OUT-OF-COURT IDENTIFICATION

12/18/08 United States of America v. Eduardo K. Fernandez-Avalos and Maria C. Rosario
Case No. 07-cr-252-JD, Opinion No. 2008 DNH 211

Defendant Rosario moved to exclude a witness’s identification of her from a photographic array. The court found that the array, which presented eight photographs depicting women with similar characteristics in front of similar backgrounds, was not impermissibly suggestive. The court further found that even if the array were impermissibly suggestive, Rosario could not show a very substantial likelihood of misidentification. 9 pages. Judge Joseph A. DiClerico, Jr.


RES JUDICATA, COLLATERAL, ESTOPPEL, RELEASE, CLASS ACTION

12/19/08 Lawrence and Marilyn Learner v. Marvin Lumber and Cedar Company, et al.
Case No. 08-cv-177-JL, Opinion No. 2008 NH 212

The defendants, sellers of allegedly defective windows, moved to dismiss the plaintiffs’ products liability action as barred by res judicata and release as the result of a class action judgment and settlement entered in a Minnesota court. The plaintiffs argued that they were not bound by the judgment and settlement because (1) it applied only to purchasers of windows treated with a certain preservative, (2) the claims asserted in that action did not include the claims they were asserting in this action, i.e., that the windows were defective in ways unrelated to the preservative, and (3) the judgment and settlement entered with insufficient notice and were otherwise unfair and unreasonable. The court noted that, under Reppert v. Marvin Lumber & Cedar Co., 359 F.3d 53 (1st Cir. 2004), considering the preclusive effect of the same judgment and settlement, the plaintiffs’ claims would be barred, and the notice of the settlement was sufficient. The court also noted that collateral attacks on a class action judgment are limited to sufficiency of notice and adequacy of representation, excluding challenges to its "fairness" or "reasonableness." Because the defendants had not conclusively established that the plaintiffs’ windows had been treated with the preservative, however, the defendants had not shown the plaintiffs’ membership in the class as necessary to prevail on the res judicata and release defenses on a motion to dismiss. The court therefore denied the motion without prejudice to reasserting those defenses on summary judgment, limiting discovery to the issue of whether the plaintiffs’ windows had been treated with the preservative. 23 pages. Judge Joseph N. Laplante.
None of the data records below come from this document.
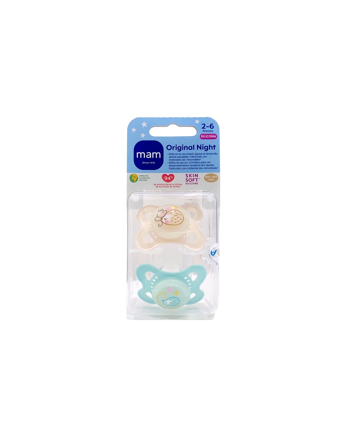 Mam Chupete Silicona Original Night 2-6 m neutro doble son dos chupetes desarrollados para bebés de 2 a 6 meses.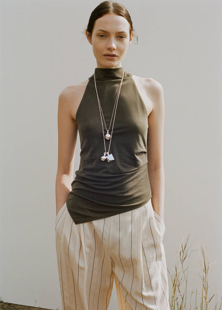 Asymmetric design. Halter neck. Draped neckline. Sleeveless. Gathered detail. Metal hook closure on the neck. Total look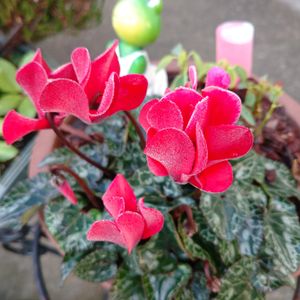 おはようございます どんより曇りで寒くなりました ホームセンターで色にくらっとして お迎えしたガーデンシクラメン🌸🎵🎶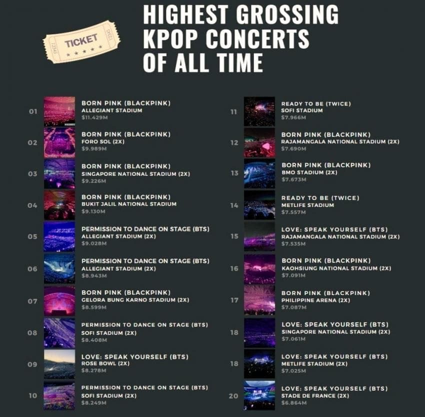 儘管目前BTS所有成員都在服役中,也沒有後人可以趕上他們創下的斷層成績,統計包含疫情期間的演唱會票房在當今韓國男團中仍舊是一騎絕塵!尤其2022年在拉斯維加斯的「BTS PERMISSION TO DANCE ON STAGE」巡迴演唱會成績更是驚人,連續四天的演出共吸引約20萬名歌迷朝聖,單一場演唱會票房就創下900萬美金,也刷新成為自身最賣座的一場演唱會,更讓他們被韓國媒體稱目前「最會賺」的韓國歌手!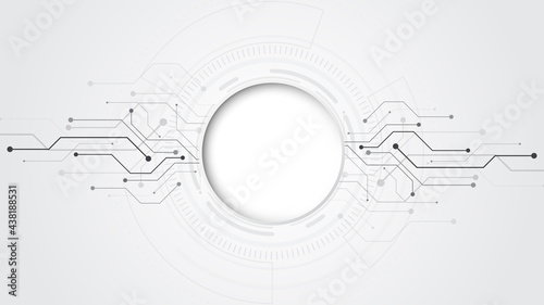 Wall mural grey white abstract technology background with various technology elements hi-tech communication con
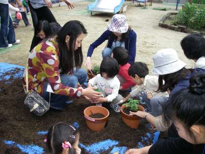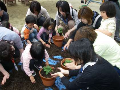 3歳児たんぽぽ組ともも組は,お家の人と一緒にミニトマトの苗を植えました。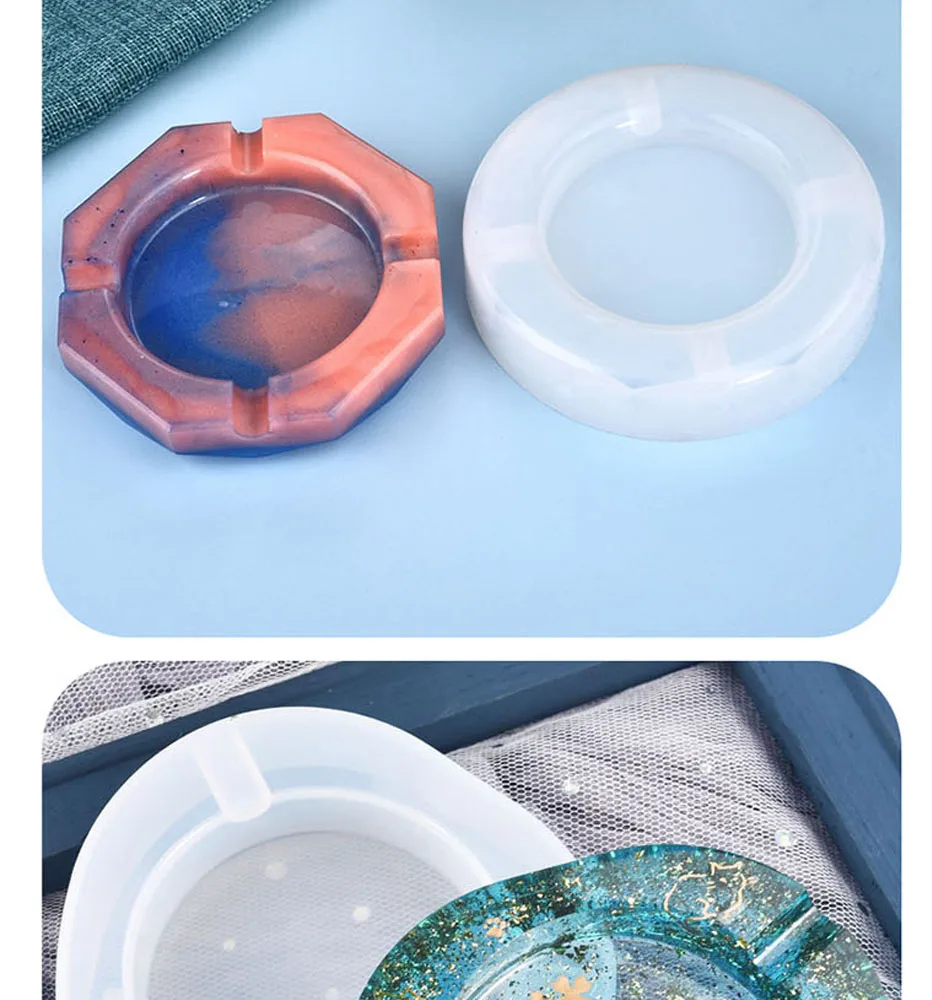 Прозрачная зеркальная пепельница для самостоятельной сборки, силиконовая форма, прозрачная эпоксидная смола, УФ смола, ручная работа, форма квадратнойкруглой формы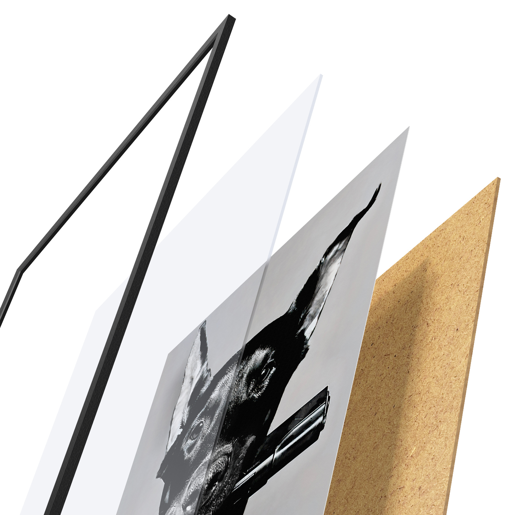 Plakatą sudaro rėmas, pleksiklas, atspausdintas vaizdas ir medžio drožlių plokštės pagrindas. Plakatą galima iš karto pakabinti ant sienos dėl kitoje pusėje esančių laikiklių.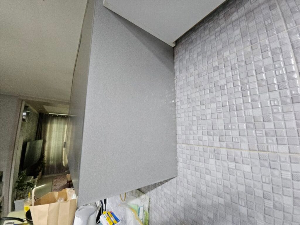 기름때 청소가 완료되었습니다. 벽타일과 상부장이 깔끔해졌습니다.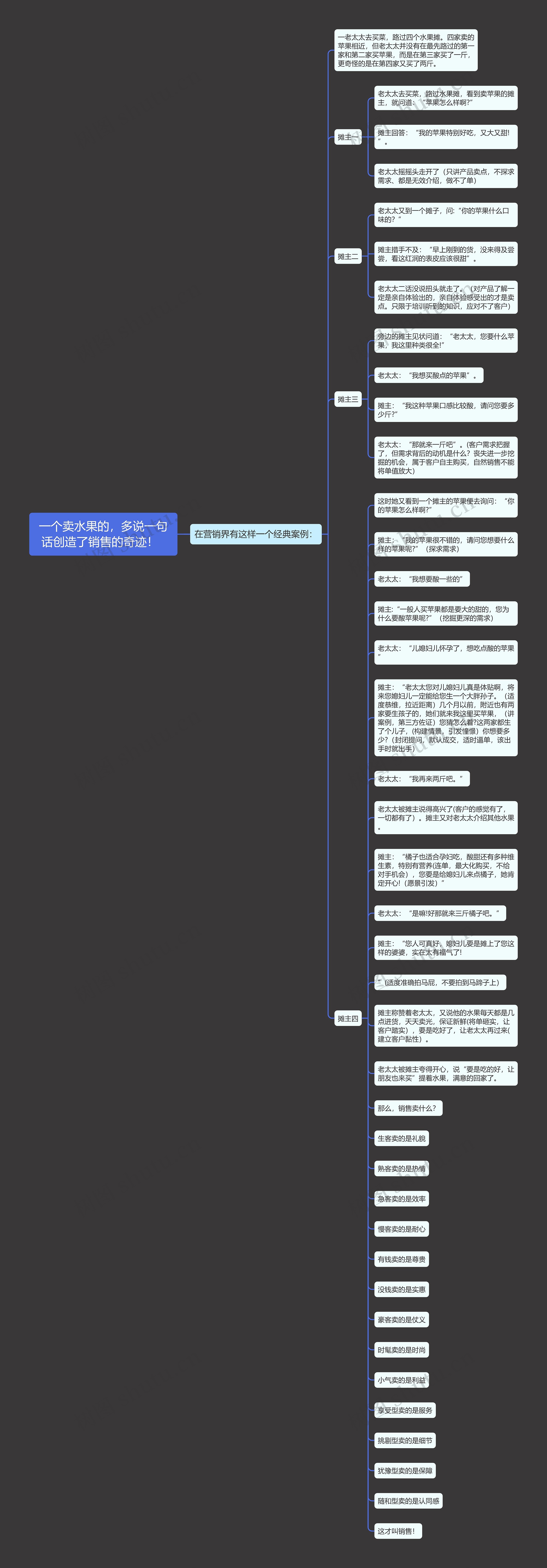 老太太被摊主说得高兴了(客户的感觉有了,一切都有了)。摊主又对老太太介绍其他水果。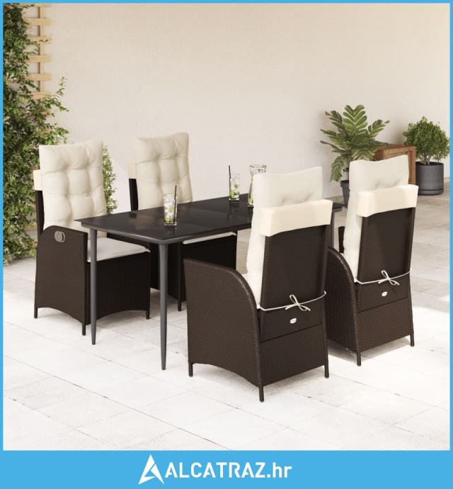 5-dijelni vrtni blagovaonski set s jastucima poliratan smeđi - NOVO

STATUTE OF LIMITATIONS; STATE MEDICAL BOARD

12/31/08 Lyubov Y. Gorelik v. Kevin R. Costin
Case No. 08-cv-036-JL, Opinion No. 2008 DNH 217

The plaintiff, a physician, filed a five count complaint against the defendant, in his official capacity as President of the New Hampshire State Board of Medicine, alleging various violations of 42 U.S.C. § 1983 and the First and Fourteenth Amendments. The defendant filed a motion to dismiss, contending, inter alia, that the applicable statute of limitations period had expired. The court granted the defendant’s motion, concluding that the plaintiff’s claim was time-barred. The court also concluded that the "continuing violation" doctrine did not apply in this case because the plaintiff did not sufficiently allege a continuing tort. 14 pages. Judge Joseph N. Laplante.